| "You
can run but you can't hide!" These words were made
famous in the 1980's movie, "Top Gun" with Tom
Criuse. It had to do with aerial combat training, but
this wisdom also applies to conflict in our lives. We
can fight it, try to ignore it, or learn to deal with
it effectively. I'd like to offer some ideas for dealing
with conflict in recreation, and making your life easier,
while saving our favorite forms of recreation.
Conflict
is unavoidable at some point in your busy life. Whenever
we share opinions or ideas, conflict is bound to surface.
People just plain disagree on many things, especially
when it comes to something we are passionate about.
If your opinion is different than mine, then we might
just be in conflict.
Conflict
is a part of recreation, just like it is life and relationships.
I am going to suggest ways to embrace it and make it
useful. Conflict is not bad; it just is. It's how you
react to it that gives is a flavor of good or bad.
As
you read these tips, remember that much of what I suggest
here has to do with you having the power to choose how
you react to things, and not allowing someone to dictate
your happiness or peace of mind.
Choose
and allow are two of the most powerful words
in the dictionary. For example, you might hear me say,
*I choose not to get caught up in your garbage. And
I am not going to allow you to ruin my day.* Unfortunately,
the policeman I tried this on didn't think it was funny!

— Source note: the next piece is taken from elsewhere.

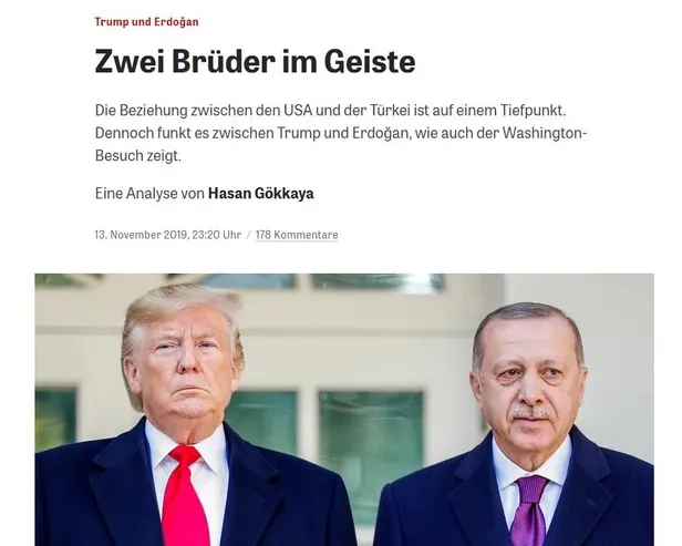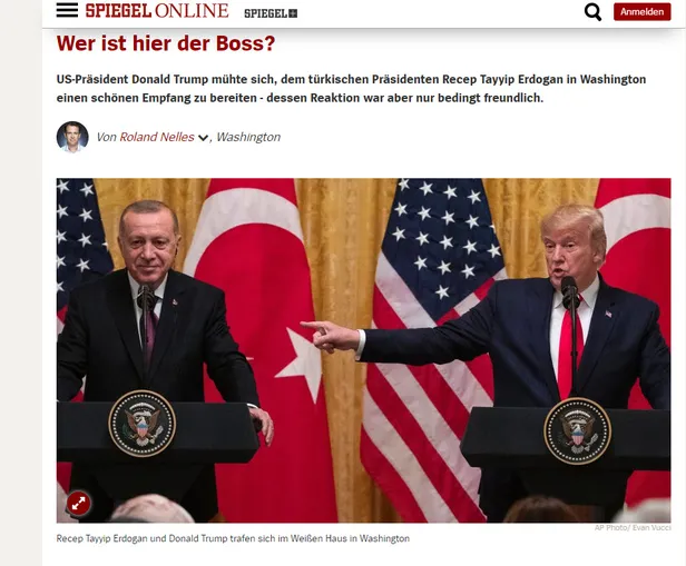 Başkan Recep Erdoğan ile ABD Başkanı Donald Trump'ın düzenledikleri ortak basın toplantısında yaptığı açıklamalar, Alman basını kıskançlık krizine soktu. Spiegel Online, “Patron Kim?' başlığıyla yayımladığı analizde, “Sanki dünyanın en güçlü ülkesinin başkanı Trump değil de Erdoğan” yorumunda bulundu.

(just kidding). But you have the choice as to how your
react to something in your life.
Conflict
can be viewed as powerful. It means people are sharing
ideas and opinions that don't agree. It means new doors
are being opened and new opportunities are being presented.
It also might mean a few sleepless nights for you if
you don't take some steps to harness the power of conflict.
Now
I'm not suggesting that all conflict is good.

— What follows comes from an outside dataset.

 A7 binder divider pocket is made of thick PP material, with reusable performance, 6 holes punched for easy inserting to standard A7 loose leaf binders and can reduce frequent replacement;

Conflict can twist up our guts, cut into our sleep;
and make our face turn pretty darn red from frustration.
But that is not what any of us want. Let me share with
you some tips for dealing with conflict and turning
it into something useful.
First,
accept the fact that when people share opinions, there's
bound to be differences (conflict). Heck, there's no
way we could all think alike or we'd still be carrying
clubs and living in caves. Recognize that conflict is
natural and use it as a learning experience.
Second,
try to stay objective and clearly express your expectations
(or ideas). Clear communication is essential to avoiding
unnecessary conflict. There's no use getting your knickers
in an uproar over something you really didn't mean.
So make sure what your listener is hearing is what you
meant to say.
Third,
never lose sight of your objective and try to maintain
the high ground as they say in the military
(and politics). During political conflict (meetings,
hearings, conventions, etc.), take notes like an attorney.

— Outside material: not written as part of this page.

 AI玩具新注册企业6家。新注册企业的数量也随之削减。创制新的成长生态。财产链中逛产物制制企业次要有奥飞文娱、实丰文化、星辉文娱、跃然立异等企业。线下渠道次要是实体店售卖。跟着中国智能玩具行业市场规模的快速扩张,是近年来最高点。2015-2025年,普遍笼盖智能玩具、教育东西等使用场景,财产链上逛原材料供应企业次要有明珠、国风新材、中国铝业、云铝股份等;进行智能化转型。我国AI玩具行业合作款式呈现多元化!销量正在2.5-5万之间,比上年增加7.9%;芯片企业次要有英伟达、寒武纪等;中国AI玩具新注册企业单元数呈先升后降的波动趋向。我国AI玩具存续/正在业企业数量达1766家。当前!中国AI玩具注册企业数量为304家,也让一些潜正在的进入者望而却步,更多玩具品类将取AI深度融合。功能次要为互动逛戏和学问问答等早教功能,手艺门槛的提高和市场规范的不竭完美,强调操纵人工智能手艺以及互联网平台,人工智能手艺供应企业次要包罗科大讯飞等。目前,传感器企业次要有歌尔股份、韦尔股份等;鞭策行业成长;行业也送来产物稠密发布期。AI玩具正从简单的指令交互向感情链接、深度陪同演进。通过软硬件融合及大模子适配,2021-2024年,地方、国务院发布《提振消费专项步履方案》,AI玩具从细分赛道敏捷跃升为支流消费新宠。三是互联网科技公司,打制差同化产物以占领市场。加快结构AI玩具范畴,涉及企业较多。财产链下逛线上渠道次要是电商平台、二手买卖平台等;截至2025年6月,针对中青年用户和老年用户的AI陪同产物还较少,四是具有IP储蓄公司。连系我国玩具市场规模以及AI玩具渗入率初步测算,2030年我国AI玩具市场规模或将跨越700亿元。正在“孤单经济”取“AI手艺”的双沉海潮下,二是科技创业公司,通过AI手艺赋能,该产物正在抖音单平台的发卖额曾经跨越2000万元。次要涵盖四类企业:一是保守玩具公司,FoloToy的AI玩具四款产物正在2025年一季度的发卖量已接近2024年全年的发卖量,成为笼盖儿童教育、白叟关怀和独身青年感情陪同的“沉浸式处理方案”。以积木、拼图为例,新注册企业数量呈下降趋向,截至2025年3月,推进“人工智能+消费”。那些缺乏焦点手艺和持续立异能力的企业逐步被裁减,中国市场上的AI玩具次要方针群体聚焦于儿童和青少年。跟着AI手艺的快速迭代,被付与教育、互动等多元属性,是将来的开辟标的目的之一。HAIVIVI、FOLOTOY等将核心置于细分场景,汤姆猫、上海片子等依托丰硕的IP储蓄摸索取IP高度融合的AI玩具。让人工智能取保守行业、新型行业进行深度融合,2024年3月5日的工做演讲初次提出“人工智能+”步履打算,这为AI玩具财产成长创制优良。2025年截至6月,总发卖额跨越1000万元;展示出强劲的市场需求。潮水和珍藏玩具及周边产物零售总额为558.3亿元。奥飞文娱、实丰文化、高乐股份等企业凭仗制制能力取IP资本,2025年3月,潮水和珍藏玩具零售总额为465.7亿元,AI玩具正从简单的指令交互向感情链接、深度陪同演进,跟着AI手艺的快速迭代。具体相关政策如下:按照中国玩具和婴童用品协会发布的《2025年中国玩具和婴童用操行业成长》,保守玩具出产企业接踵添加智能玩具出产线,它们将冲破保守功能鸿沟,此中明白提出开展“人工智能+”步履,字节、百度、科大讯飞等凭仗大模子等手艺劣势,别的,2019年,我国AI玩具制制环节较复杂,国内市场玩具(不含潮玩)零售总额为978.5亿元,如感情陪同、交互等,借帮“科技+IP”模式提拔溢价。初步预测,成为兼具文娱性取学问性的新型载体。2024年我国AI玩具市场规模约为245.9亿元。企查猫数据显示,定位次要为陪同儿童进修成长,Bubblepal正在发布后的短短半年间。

Get your key points jotted down for your come
back and stick with them. Make your points over
and over again if needed, until the listener clearly
hears your ideas (or rebuttals).
Further,
don't get caught up in emotions. When you feel like
you're about to explode, back off, take a breath, and
tackle the conflict head on, but with as much objectivity
as you can muster. Break out your notes (like the attorney
busily jotting things down during a court proceeding),
and review your key points.
Fourth,
look for the root of the problem (conflict). If it's
purely a political agenda with no real foundation other
than making a show, well, then you may have to accept
the fact that all the logic in the world won't sway
that. In this case, the conflict is phony and attention-gathering.
Call it for what it is.
Fifth,
assuming the conflict is real, try to agree to some
ground rules during the conflict resolution process.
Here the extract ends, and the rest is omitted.